Good points – I do believe
Submitted by Mike (not verified) on Tue, 2009-11-03 13:18.Good points – I do believe that people do more drastic modifications to overcome their own insecurities about some part of their body they very much dislike. Personally – I’m likely not one to notice such things on others….Don’t get me wrong – I enjoy beauty as much as the next man or woman, but to me beauty is far more that what is seen as obvious. – Mike
Yup. A good way to put it is
Submitted by figleaf on Tue, 2009-11-03 14:07.Yup. A good way to put it is that beauty and beauty standards are loosely linked in the sense that they can affect how we see ourselves and others see us. But conforming to beauty standards is also only loosely linked to being beautiful. And really not linked at all to whether you see yourself that way. —fl
People spend a great deal of
Submitted by Punzel (not verified) on Tue, 2009-11-03 13:48.People spend a great deal of money to fit into narrow cultural standards of beauty. While I admire the distinction you are trying to make, I don’t think most consumers of appearance-altering products and services are coming to it from that place, and indeed I think it’s difficult to make the distinction between individual taste and cultural influence on what creates our concepts of beauty and desirable body decoration.
Check out Wendy Chapkis’ “Beauty secrets: women and the politics of appearance“
I certainly agree most people
Submitted by figleaf on Tue, 2009-11-03 14:22.I certainly agree most people don’t approach appearance alteration as self-decoration. I also really agree it’s hard to separate personal taste from cultural influence, but in a way I think that’s sort of a red herring. Like when beards are in men without a lot of facial hair can end up stressed about it — and then just a few years later when beards are out again men with heavy “five-o’clock shadows” get their opportunity to stress. What I’m advocating, though, is consistently looking at it as decorating ourselves no matter what. You might still have to conform (try shaving if you’re Amish or wearing a Speedo to the office) but if you make the distinction then it doesn’t have to wear you down as much. Even better, I think it makes it easier to know when you’ve done enough.
Thanks, Punzel
fl
Two distinctions I think are
Submitted by Holly Pervocracy (not verified) on Tue, 2009-11-03 20:58.Two distinctions I think are important: a tattoo is always a tattoo of something. To a lesser extent, the location of and jewelry in a piercing can change its meaning considerably. The message of breast implants is much less explicit and often (rightly or not) assumed to be “Hel-lo sailor.”
And secondly, breast implants are often intended to pass for real, while no one tries to imply they naturally grew a tattoo. Breast implants are often phrased as “correction” of small (or surgically removed, but that’s a different can of worms) breasts, rather than as deliberately artificial augmentation.
I don’t think either of these things make breast implants wrong, but they do make them different.
I agree there are two broad
Submitted by figleaf on Tue, 2009-11-03 21:58.I agree there are two broad classes of body modification, with tattoos well over on one side with their selected meaning and reconstructive breast implants way over on the other. And yeah, it’s a permeable barrier: people sometimes get reconstructive or “cosmetic” tattoos and breast implants can be statements.
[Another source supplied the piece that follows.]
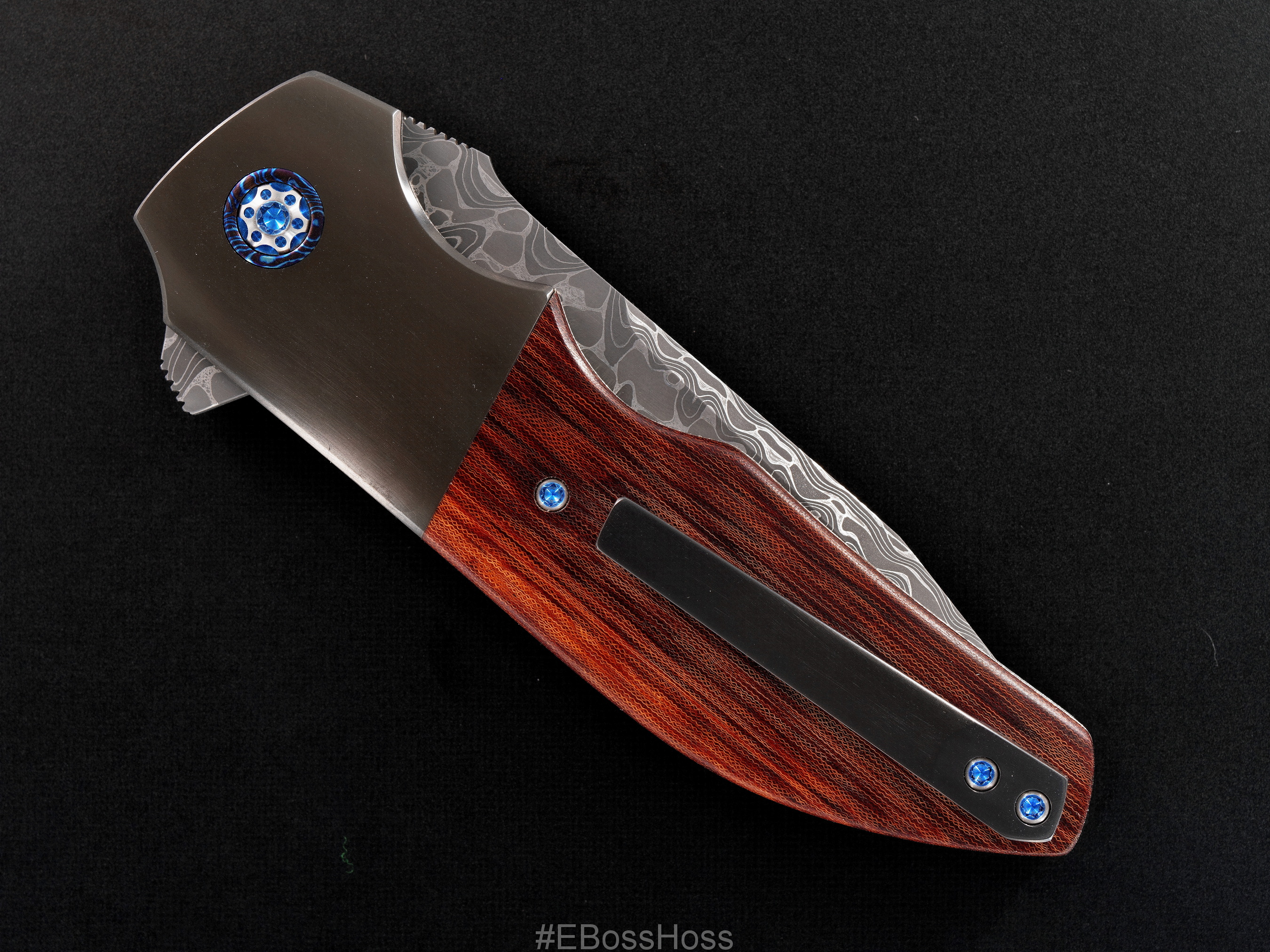 Cross-cut Vintage Westinghouse Linen Micarta - Nichols Intrepid Damascus - Zirconium - Mokuti

Anyway, while I agree I also think breast implants aren’t the only modifications in the second “different” category. There are also hair implants for men, braces for children, etc.
And I’d argue that past a certain point things like ear piercing and shaving are so culturally ingrained in some places that doing it amounts to making yourself look “normal” even though elsewhere they could be considered exotic.